Tokens for text input

For text input, the BM25 algorithm requires inputs to be converted to “tokens”, for which this package relies on rOpenSci’s tokenizers package. The BM25 values then assess similarities through adding similarities for all tokens shared between two documents, weighted by the inverse of token frequencies across all packages within the specified corpus. This inverse weighting ensures that similarities are more influenced by similar usage of infrequent tokens, and less by usage of common tokens.

Tokens for code input

For code input, tokens for BM25 input are taken as the names of all functions called, pre-pended with namespaces, such as base::print(). Function call are identified from the “treesitter” algorithm, using functionality of the treesitter R package. This package is currently restricted to the R language only, and thus code input in this package considers code from /R sub-directories only, and excludes any source code in other languages.

All function calls in all packages within each corpus are first converted to IDFs. Calculation of BM25 values are weighted by these so that, as for word-token frequencies, resultant similarities are most strongly affected by similarities in usage of less common functions, and relatively unaffected by similarities in usage of common functions.

Combining similarities with “rank fusion”

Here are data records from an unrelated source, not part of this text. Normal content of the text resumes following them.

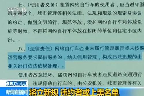 征求意见稿中所说的网约自行车包括共享单车及共享电单车。企业在南京市场上投放车辆前,需在管理部门备案。在为使用者提供车辆前,需对其进行实名制注册登记,并为其购买第三者责任险、人身意外险等保险。
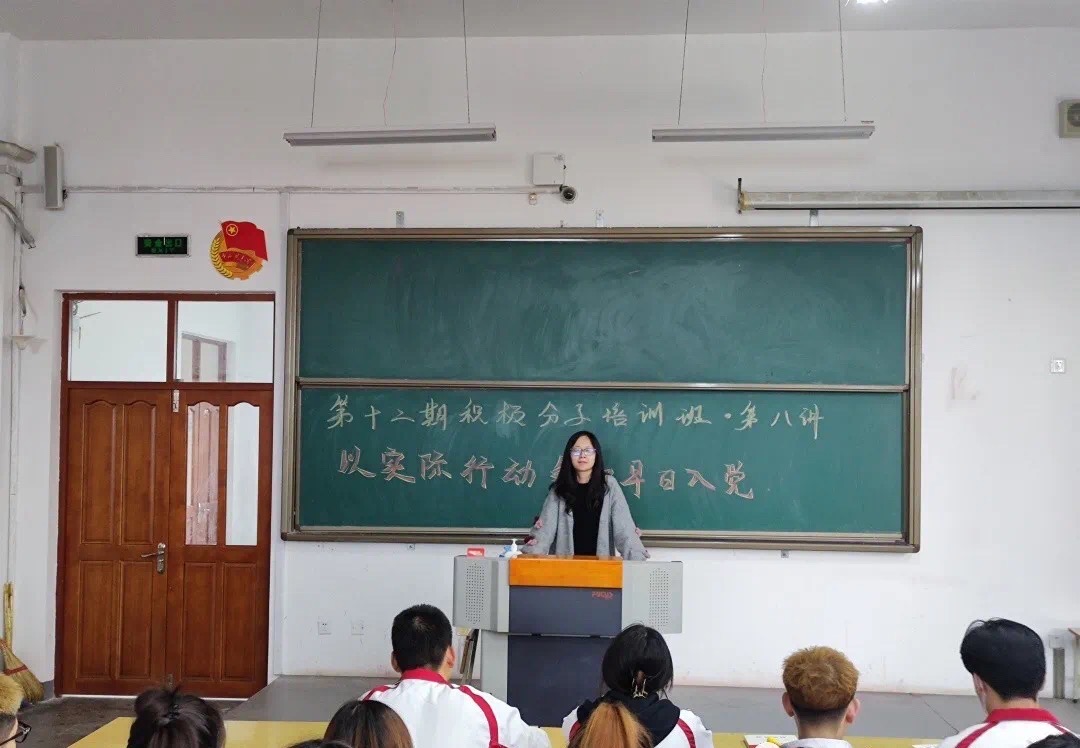 为保证入党积极分子发展质量,强化发展对象的党性意识,提高发展对象理论素养, 我院于2021年4月30日在清华楼西J602召开了入党积极分子第五期授课。党总支组织委员郭欢为我们讲授题为“以实际行动争取早日入党”第五期培训内容。
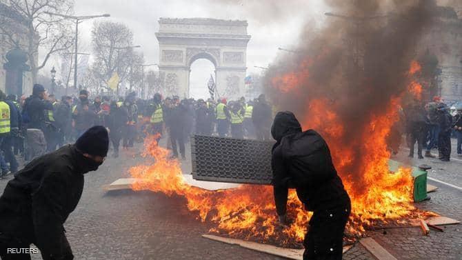 واشتبك متظاهرون من "السترات الصفراء" مع شرطة مكافحة الشغب بالقرب من قوس النصر، وقامو بتخريب متاجر فاخرة في احتجاجات السبت الثامنة عشرة على التوالي المناوئة لسياسات الرئيس إيمانويل ماكرون.

Finally, the best matching outputs from the various combinations of input chunks and algorithms are combined using the Reciprocal Rank Fusion (RRF) algorithm of Cormack, Clarke, & Büttcher (2009). Scores for each combination of input chunk and algorithm are converted to ranks, and all ranks submitted to the RRF algorithm. A default value of k = 60 is used at all times, as recommended by the original paper, which also suggests very low sensitivity of results to variations in this value. Where inputs are entire packages, final rankings are generated separately for code and text.

References

Cormack, G. V., Clarke, C. L. A. & Buettcher, S. Reciprocal rank fusion outperforms condorcet and individual rank learning methods. in Proceedings of the 32nd international ACM SIGIR conference on Research and development in information retrieval 758–759 (ACM, Boston MA USA, 2009). doi:10.1145/1571941.1572114.